BEGIN

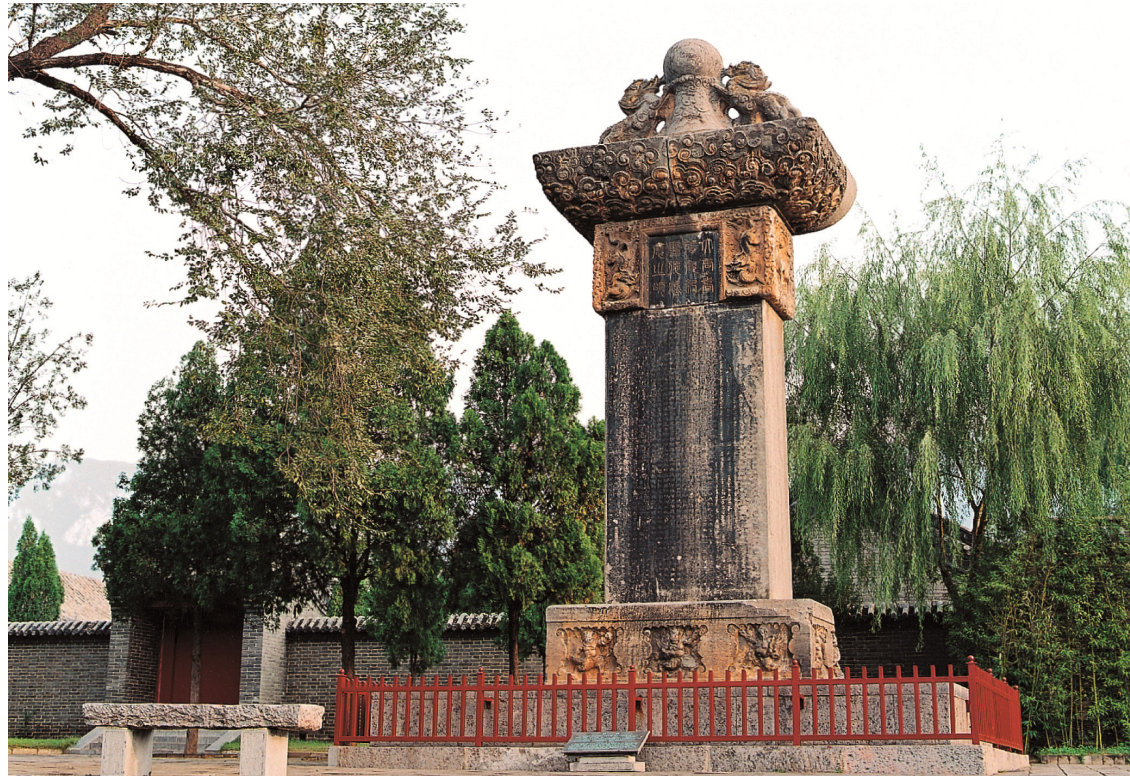
A stela erected in 744AD recording a Daoist Monk experimenting elixir fomulas for then-emperor Tianbao of the Tang Dynasty
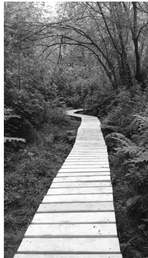
With your support over 400 families explored some of the most beautiful and historically significant places in Westport as part of our Summer Passport activity.

This year, for the first time, we were able to offer a year-round schedule of public programs, including evening lectures in the summer months, and our new winter history forum, a series that encourages individuals to present research and to take on new research projects. We are pleased to report that the WHS suffers from problem, rare for historical societies, of overwhelming attendance to many of our programs. Topics varied widely from slavery to pre-hurricane East Beach. Many of our programs can be viewed on our website. Now in its third year, Westport History 101, presented by Tony Connors, provided an in depth introduction of the story of Westport from the ice age to the Second World War.
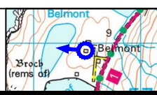
Figure 5.3.9e - Viewpoint 9: Belmont House, Unst - Comparative Wireframes View flat at a comfortable arms length. The principal distance is 812.5mm. This image provides landscape and visual context only.

END

Work required: Pictures aside, repeat exactly every line from the top of the listing above through the line bearing "With your support", inclusive.

Exercise answer:
A stela erected in 744AD recording a Daoist Monk experimenting elixir fomulas for then-emperor Tianbao of the Tang Dynasty
With your support over 400 families explored some of the most beautiful and historically significant places in Westport as part of our Summer Passport activity.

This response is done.